### Aim of the task
When you reach the line below that has "北京時間10月3日,在200", start returning lines exactly, and stop after the line that has "Wielka: młoda kobieta"; skip the pictures.

[Dataset content]

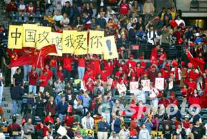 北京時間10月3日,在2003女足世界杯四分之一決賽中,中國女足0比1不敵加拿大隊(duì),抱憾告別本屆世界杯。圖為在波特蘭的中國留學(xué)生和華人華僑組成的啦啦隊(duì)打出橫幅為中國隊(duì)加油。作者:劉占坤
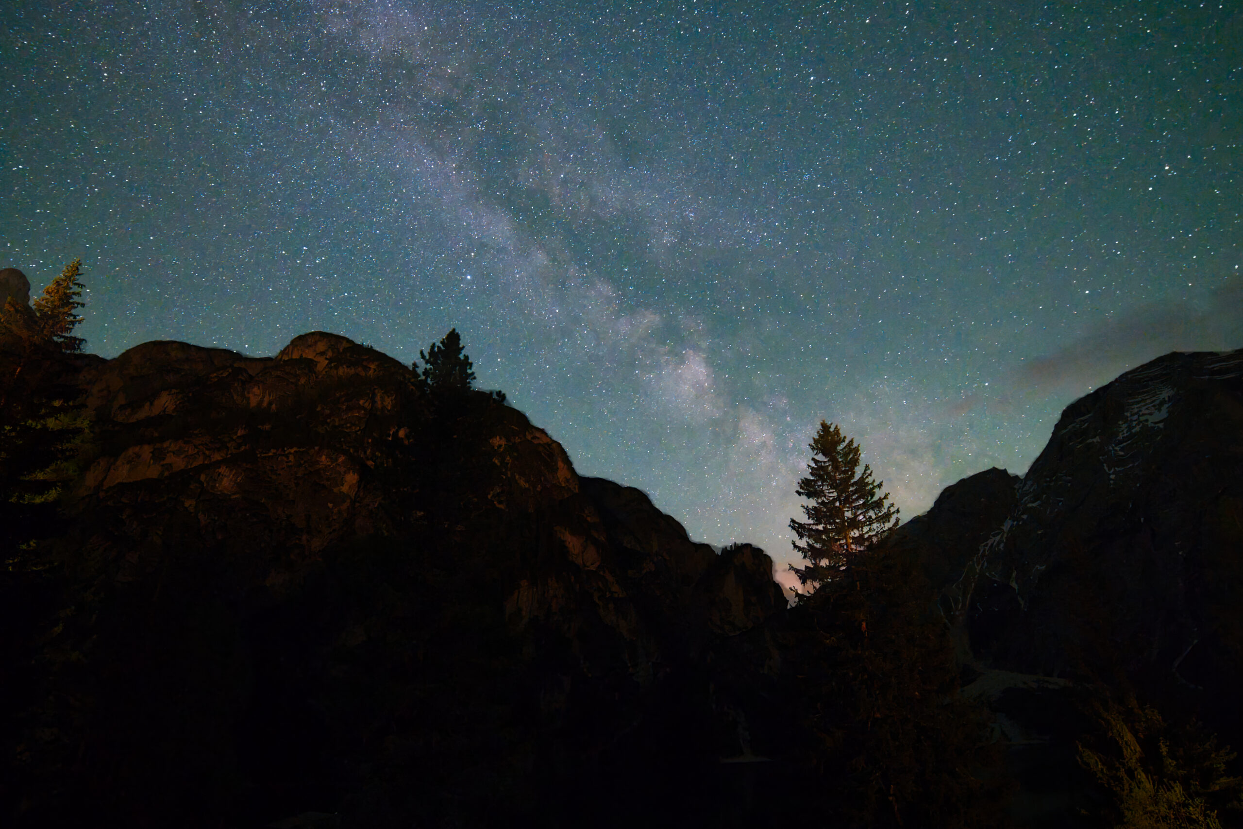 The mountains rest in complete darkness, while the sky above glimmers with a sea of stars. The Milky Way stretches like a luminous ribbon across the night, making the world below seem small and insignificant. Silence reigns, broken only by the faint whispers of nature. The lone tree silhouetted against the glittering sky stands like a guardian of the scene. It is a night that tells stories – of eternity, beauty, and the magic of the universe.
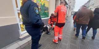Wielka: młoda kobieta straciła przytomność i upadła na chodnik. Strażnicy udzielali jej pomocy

[/Dataset content]
[Dataset content]

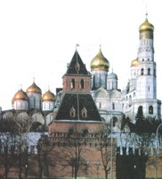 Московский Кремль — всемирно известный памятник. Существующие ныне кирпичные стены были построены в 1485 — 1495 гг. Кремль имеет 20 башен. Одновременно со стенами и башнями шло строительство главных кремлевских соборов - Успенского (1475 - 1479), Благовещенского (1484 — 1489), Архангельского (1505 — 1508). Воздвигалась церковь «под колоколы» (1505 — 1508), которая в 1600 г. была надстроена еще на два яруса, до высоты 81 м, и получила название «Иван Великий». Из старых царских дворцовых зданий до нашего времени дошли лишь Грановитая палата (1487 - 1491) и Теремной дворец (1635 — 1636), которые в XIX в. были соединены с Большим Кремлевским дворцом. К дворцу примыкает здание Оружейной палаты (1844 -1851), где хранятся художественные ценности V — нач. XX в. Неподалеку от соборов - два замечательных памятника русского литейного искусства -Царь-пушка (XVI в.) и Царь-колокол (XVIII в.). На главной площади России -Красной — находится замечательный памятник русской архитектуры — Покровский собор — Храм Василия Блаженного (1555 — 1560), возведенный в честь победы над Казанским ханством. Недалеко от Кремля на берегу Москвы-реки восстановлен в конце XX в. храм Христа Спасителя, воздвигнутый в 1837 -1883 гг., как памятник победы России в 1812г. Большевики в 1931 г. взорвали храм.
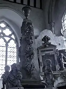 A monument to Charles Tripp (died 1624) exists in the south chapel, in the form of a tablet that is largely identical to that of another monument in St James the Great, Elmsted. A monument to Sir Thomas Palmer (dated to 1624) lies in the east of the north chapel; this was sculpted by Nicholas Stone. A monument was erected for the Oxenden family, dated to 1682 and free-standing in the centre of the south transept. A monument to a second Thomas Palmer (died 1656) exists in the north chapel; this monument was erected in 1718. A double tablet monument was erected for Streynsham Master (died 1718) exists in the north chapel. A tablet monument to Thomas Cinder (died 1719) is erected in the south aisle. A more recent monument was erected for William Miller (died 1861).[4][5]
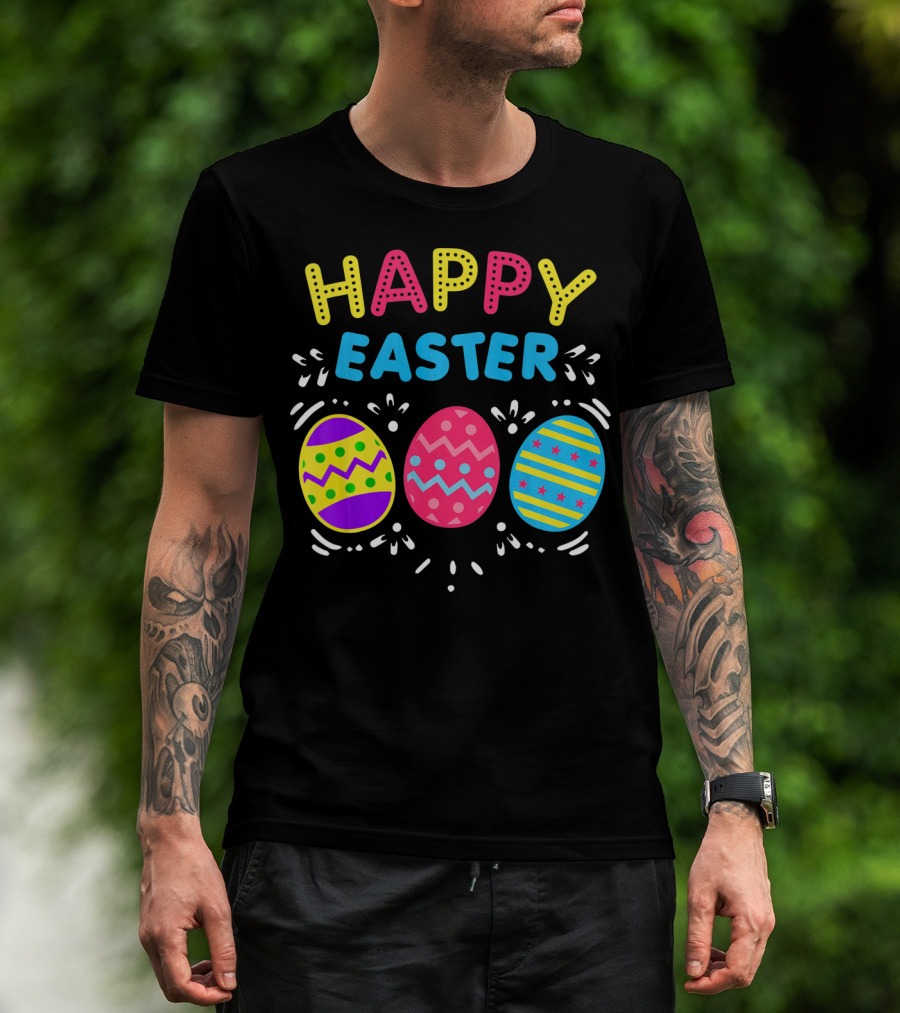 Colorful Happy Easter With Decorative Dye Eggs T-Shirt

[/Dataset content]

### Answer to the exercise
 北京時間10月3日,在2003女足世界杯四分之一決賽中,中國女足0比1不敵加拿大隊(duì),抱憾告別本屆世界杯。圖為在波特蘭的中國留學(xué)生和華人華僑組成的啦啦隊(duì)打出橫幅為中國隊(duì)加油。作者:劉占坤
 The mountains rest in complete darkness, while the sky above glimmers with a sea of stars. The Milky Way stretches like a luminous ribbon across the night, making the world below seem small and insignificant. Silence reigns, broken only by the faint whispers of nature. The lone tree silhouetted against the glittering sky stands like a guardian of the scene. It is a night that tells stories – of eternity, beauty, and the magic of the universe.
Wielka: młoda kobieta straciła przytomność i upadła na chodnik. Strażnicy udzielali jej pomocy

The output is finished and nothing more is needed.